I have been monitoring a few users - and what it seems like to me is.......these users's continually use the same "custom code" over and over again without exiting out of the command......the more times they use this piece of code continually - the more likely the chance they will get this error message. So, to clarify -they are in our picking software, pick a part, continue on to pick a different part......so they could be in the exact same command for over an hour.....and it seems like they reach a limit and are kicked out. That's why I am unsure about bumping up some parameters - cause at this point - I am not sure if it's a system (sysgen) issue - or a program issue.
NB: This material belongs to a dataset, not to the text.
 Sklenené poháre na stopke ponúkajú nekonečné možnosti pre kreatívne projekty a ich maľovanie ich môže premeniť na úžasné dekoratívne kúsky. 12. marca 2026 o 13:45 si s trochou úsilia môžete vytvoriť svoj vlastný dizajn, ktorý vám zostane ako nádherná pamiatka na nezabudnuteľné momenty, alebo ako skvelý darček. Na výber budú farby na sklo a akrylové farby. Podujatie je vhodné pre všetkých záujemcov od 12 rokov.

I am not sure if it is happening on just one particular node or not. I can watch to clarify this.
Steven Schweda
Honored Contributor

Re: ISTAT 30 error

Around here:

ALP $ mcr sysgen show CHANNELCNT
Parameter Name Current Default Min. Max. Unit Dynamic
-------------- ------- ------- ------- ------- ---- -------
CHANNELCNT 4096 256 31 65535 Channels


It's been a while, but there was probably
some reason for the "MIN_CHANNELCNT = 4096"
in my MODPARAMS.DAT. For some possibilities:

seach sys$help:*.RELEASE_NOTES channelcnt
Volker Halle
Honored Contributor

Re: ISTAT 30 error

LM,

the %DEBUGBOOT message arises, when the image aborts due to an error and the condition handles tries to lactivate TRACE.EXE to print the stack trace information. If there is a resource error (insufficient IO channels available) at that time, you will get this error message.
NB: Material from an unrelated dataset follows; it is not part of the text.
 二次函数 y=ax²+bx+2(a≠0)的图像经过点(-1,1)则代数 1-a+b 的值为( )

There should be no problems, if users execute the same code over and over again, EXCEPT if there is a coding error and some channel or file does not get closed.

Watch a user with SDA> SHOW PROC/CHAN/ID=

If there is a channel leak, you will see the no. of open channels increasing.

Volker.
Steven Schweda
Honored Contributor

Re: ISTAT 30 error

> [...] I am not sure if it's a system
> (sysgen) issue - or a program issue.

Some of each, I'd guess. In any case, you
know what to look for.
Volker Halle
Honored Contributor

Re: ISTAT 30 error

LM,

can you check the value of CHANNELCNT on your old V7.2 system ?

I would also suggest to use SET PROC/DUMP so that you'll get an image dump, if the image incurs an improperly handled condition, but as the %DEBUGBOOT-W-CHN error already indicates, there may be not enough resources (i.e. channels) available for an image dump to be written...

Volker.
LM_2
Frequent Advisor

Re: ISTAT 30 error

I did check my old system and I had it set to

MIN_CHANNELCNT = 2446


my one cluster does have it in the modparams.dat already with 2446 - so I added it to my other node and as soon as I can reboot - I will see if that will fix the problem.
Hoff
Honored Contributor

Re: ISTAT 30 error

FWIW, having a requirement for 2,000 channels implies a fairly unusual application. Your description here could indicate that there are channels being allocated, but not released. In other words, you may have a channel leak somewhere.

Use ANALYZE/SYSTEM and display one of these running Fortran processes at intervals, with SHOW PROCESS/CHANNELS or other such. If you see the numbers of channels increasing over time, then increasing CHANNELCNT is a stopgap on the way to an eventual failure.

And as for rebuilding your source code, there are specific cases were rebuilding is required due to bugs in the generated code. (See the srm_check tool for details of one of the more notable cases where this occurred. http://mvb.saic.com/freeware/freewarev40/21264/ and there's a long-standing case with the VAX C code generation (VCG) and its known problems with MD5 that's not likely going to get fixed.) There are also cases where the newer compilers will better spot latent bugs, or generate better codes. So there can be some advantages to rebuilding from source, even for the many cases where it's not required.